C’est le 5 octobre 1855 que je partis de Constantinople pour la Crimée, à bord de la frégate à vapeur le Descartes, commandée par le capitaine Darricau. Je n’abordai pas sans une vive émotion à Kamiesch. Je me rendis immédiatement au quartier-général, auprès du maréchal Pélissier, et je me mis à étudier les grandes questions d’hygiène qu’il importait de résoudre à l’approche de l’hiver. Je montai à cheval et visitai les diverses positions occupées par l’armée, les camps et les ambulances. En même temps je voulais me rendre compte de la topographie médicale du pays.

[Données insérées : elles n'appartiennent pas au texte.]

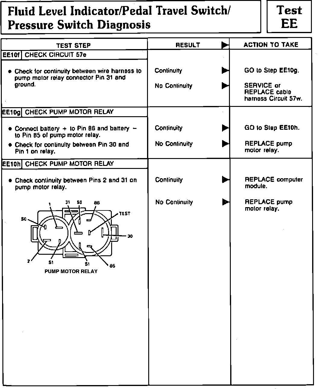 Fig. 81 Tests EE10f, EE10g, EE10h (Fluid Level Indicator/Pedal Travel Switch/Pump Motor). 1991 Town Car:
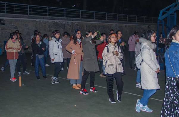 大家一路上有说有笑,其乐融融。到了振华楼之后,我们今年的荧光夜跑新设的环节——有奖问答就开始啦!想得到体育部为大家准备的各种各样的小礼物?那就看看以下的问题你能回答对几个哦~以下是题库不完全摘录:
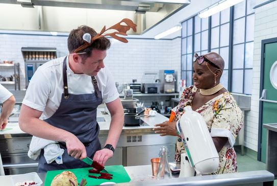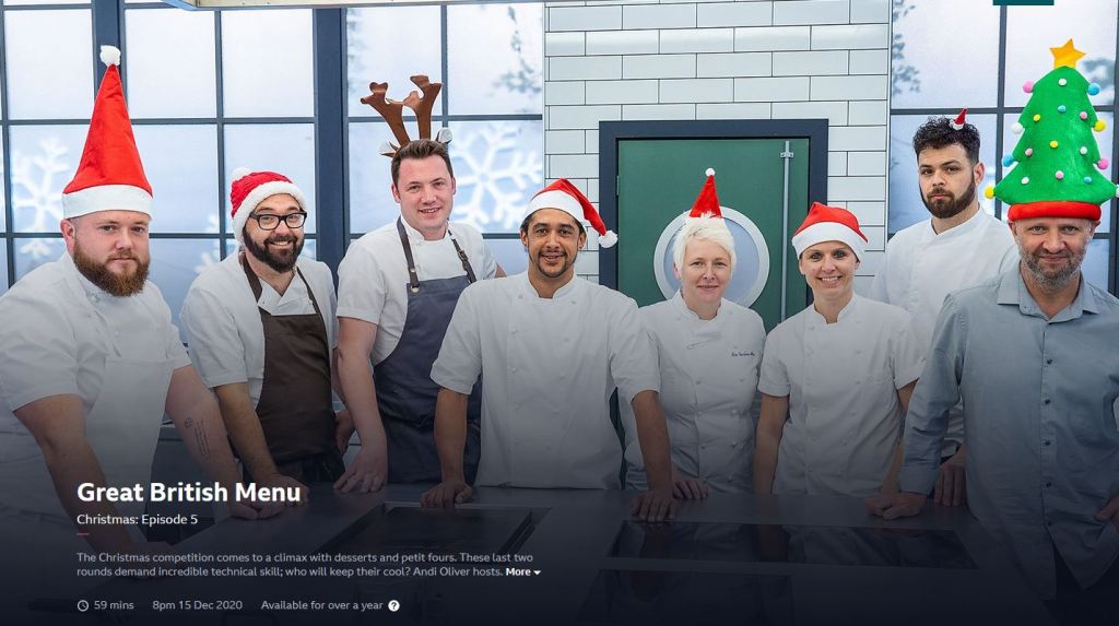 Tommy Banks (of The Black Swan restaurant in Oldstead), seen here with other contestants and with judge Andi Oliver, has just won a course in the Great British Menu Christmas Special – and guess with what – root vegetable mince pies and sweet woodruff bourbon eggnog. Have a good one, everyone.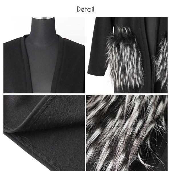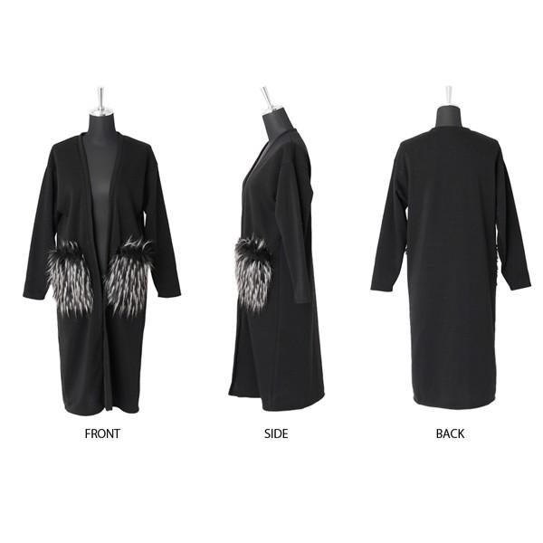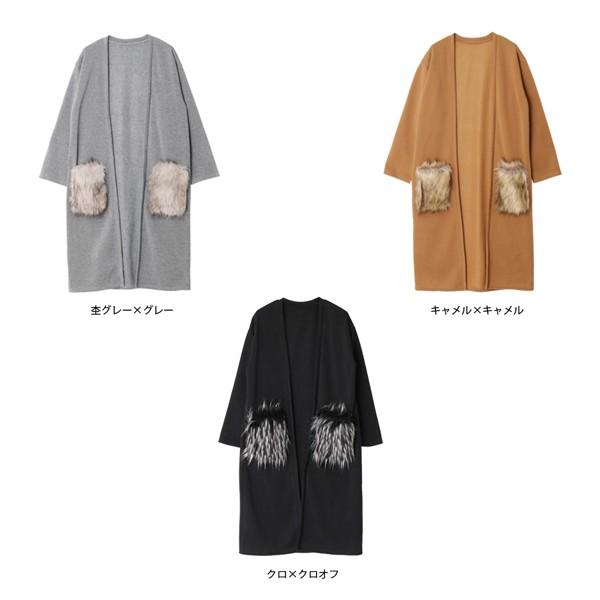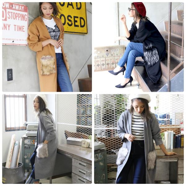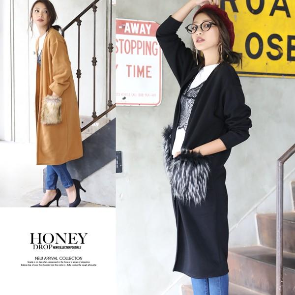 最終入荷!!残りわずか早い者勝ちです!!■リッチなファーポケット◎裏起毛ロングカーディー■ボリュームのある毛足長めのファーポケットリッチなアクセント。裏起毛素材で、保温力もたっぷりなぬくもりある一枚。カーディガンとしてはもちろん、ライトアウターとしても活躍しそうな予感です。すっきりノーカラータイプでコーディネートしやすく、合わせるインナーを選びません。ロング丈で一枚でサマになるデザイン。車移動などの本格アウターではトゥーマッチなシーンにもおすすめです。モデル:160cm伸縮性:あり裏地:なし 裏起毛透け感:なし生地の厚さ:中厚【サイズ】 着丈/105cm 身巾/53cm 裾巾/58.5cm 袖丈/48.5cm 【素材】 本体/ポリエステル100% ファー/ポリエステル50%、アクリル50%

La partie qu’occupaient les Russes est presque partout inculte, couverte de steppes immenses et privée d’eau. Celle où s’étaient établies les armées alliées était, au moment de leur arrivée, parsemée d’oasis et de vignobles assez renommés. Le sol est de terre végétale et brune, facilement détrempée par les pluies : les boues de Crimée défient toute description. L’épaisseur de la couche végétale varie de 1 mètre à quelques centimètres. Le sous-sol est un calcaire que la pioché entame aisément. Les régimens campés sur des terrains où le sous-sol affleurait y creusaient des enceintes circulaires pour enterrer leurs tentes de 80 centimètres et les préserver du froid, surtout des coups de vent, qui sont continuels et parfois désastreux en Crimée. Il ne faudrait pas médire cependant de la violence du vent de Crimée. Sans le vent, le sol serait resté constamment boueux, faute d’écoulement. C’est le vent qui renouvelait l’air dans les camps et chassait les gaz méphitiques dont les vêtemens étaient imprégnés ; c’est le vent qui emportait les miasmes des cadavres d’hommes ou d’animaux qu’on enterrait par milliers, et qui ne pouvaient, quoique enterrés, se décomposer impunément. Si le vent ne nous a pas préservés du typhus, il en a certainement ralenti les développemens et diminué les effets ; peut-être lui devons-nous d’avoir été exempts de la peste.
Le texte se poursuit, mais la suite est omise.